Это был длинный, худой, косой и лопоухий субъект, при ходьбе качавшийся в обе стороны. Удивительный мечтатель. Он вечно витал в эмпиреях, а может быть, вечно был влюблен. Никогда не садился на кафедру. Ему сносили кресло к первой парте, где он и располагался. Сядет, обоймет журнал, закатит косые глаза в потолок и переносится в другой мир, как только ученик начнет отвечать. В мечтательном состоянии так и летели четверки и пятерки. Только надо было знать первые строки спрашиваемого урока, а там – барабань что хочешь: он, уловив первые слова, уже ничего не слышит.
– Гиляровский. Выхожу.
– Собака!
– Собака, Порфирий Леонидович.
– Собака!
– Собака – Canis familiaris.
– Вер-рно!..
И закатит глаза.
– Собака – Canis familiaris. Достигает величины семи футов, покровы тела мохнатые, иногда может летать по воздуху, потому что окунь водится в речных болотах отдаленной Аравии, где съедает косточки кокосов, питающихся белугами или овчарками, волкодавами, бульдогами, догами, барбосками, моськами и канисами фамилиарисами…
Он прислушивается на момент.
– Собака, Порфирий Леонидович, водится в северных странах, у самоедов, где они поедают друг друга среди долины ровной, на гладкой высоте, причем торопливо не свивают долговечного гнезда… Собака считается лучшим другом человека… Я кончил, Порфирий Леонидович.
– А?.. Что?.. Кончил?
– Собака считается лучшим другом человека…
– Чело-ве-ека… О-ох!..
И закатит глаза.
– Хорошо, садись!
– Засецкий – окунь!
– Окунь, Порфирий Леонидович.
– Окунь!
– Окунь – Perca fluviatilis. Водится в реках и озерах средней России.

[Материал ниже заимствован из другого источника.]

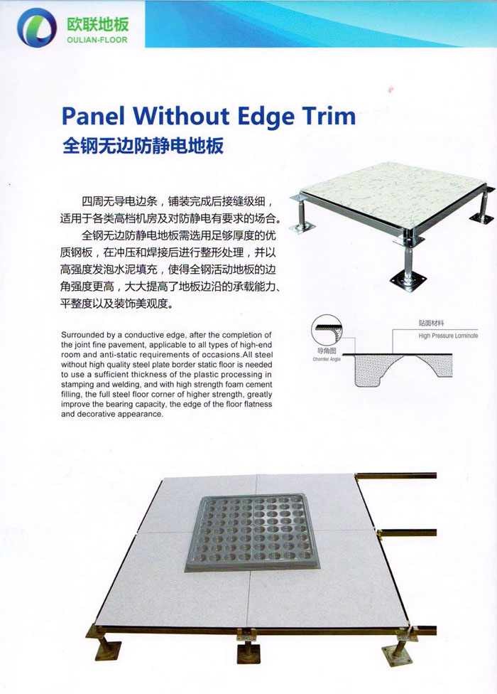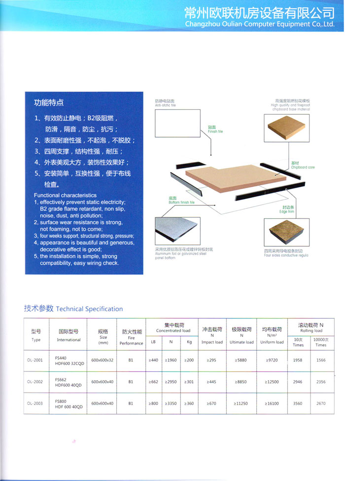 防靜電高架活動地板、全鋼地板、陶瓷地板是計算機行業(yè)發(fā)展起來的新型鋪地材料,隔離了潮氣、靜電灰塵,最重要的是解決了綜合布線問題,無需預(yù)埋管線,可隨時拆卸、搬移,保證了資訊設(shè)備完整的優(yōu)點,適應(yīng)了智能化樓宇中信息自動化技術(shù)對所處環(huán)境的特定要求,避免了廣大客戶的雙重投資,使現(xiàn)代化辦公程度更加高效,辦公場所更加舒適。 “歐聯(lián)”系列全鋼地板,符合國家安全要求,種類完備多樣,其中防靜電陶瓷地板、硫酸鈣地板等除具有普通瓷質(zhì)的裝飾和實用性外,其耐磨、防水、防火功能優(yōu)于其它同類產(chǎn)品,防靜電系列地板,能切合不同客戶的要求,其靈活的配置,深受客戶歡迎,不同材質(zhì)的地板結(jié)構(gòu)使設(shè)計師的設(shè)計空間比傳統(tǒng)的更加廣闊自由和善變。 公司大力發(fā)展國內(nèi)外銷售業(yè)務(wù),多次中標(biāo)國內(nèi)重點工程 ,例:哈爾濱醫(yī)科大學(xué)、山東大學(xué)、上海普通機場等。 公司將一如既往開發(fā)和制造一流的產(chǎn)品,愿與廣大有識之士合作發(fā)展,共創(chuàng)美好未來。
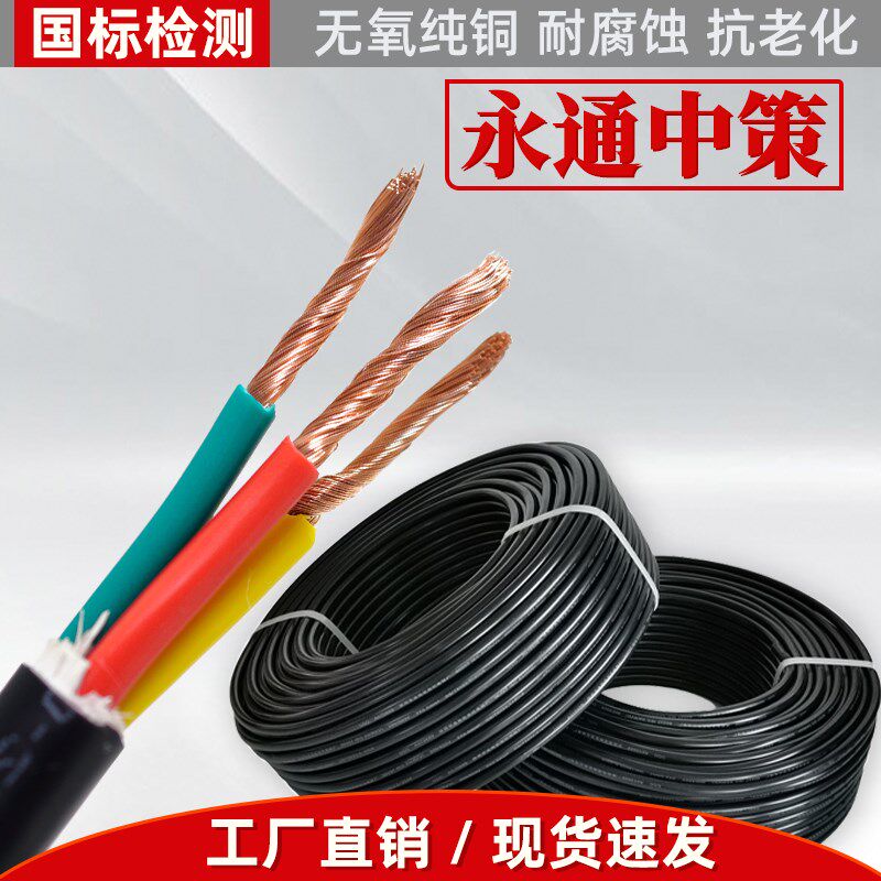 永通中策四芯电缆线3芯护套线2.5/10/6/4平方电线国标铜芯rvv软线

Засецкий, первый ученик, отвечает великолепно и получает ту же пятерку, что и я… Класс уже приучен, и что ни ври – смеется тихо, чтобы не помешать товарищу. Так преподавалась естественная история. Изучали мышей и крыс. Мы принесли с десяток мышей и мышат, опустили их в форточку между окнами, и они во мху, уложенном вместо ваты, жили прекрасно. На веревочке спускали им баночки с водой, молоко и бросали всякую снедь. И когда раз Камбала, поймав в незнании урока случайно остановившегося посреди ответа ученика, на него раскричался и грозил единицей, – мы отвлекли его гнев указанием на мышей. Камбала расчувствовался и долго рассказывал, стоя у окна, о мышах, потом перешел на муравьев, на слонов и, наконец, когда уже раздался звонок к перемене, сказал:
– Милые зверьки… Только я думаю, что их сторожа разгонят…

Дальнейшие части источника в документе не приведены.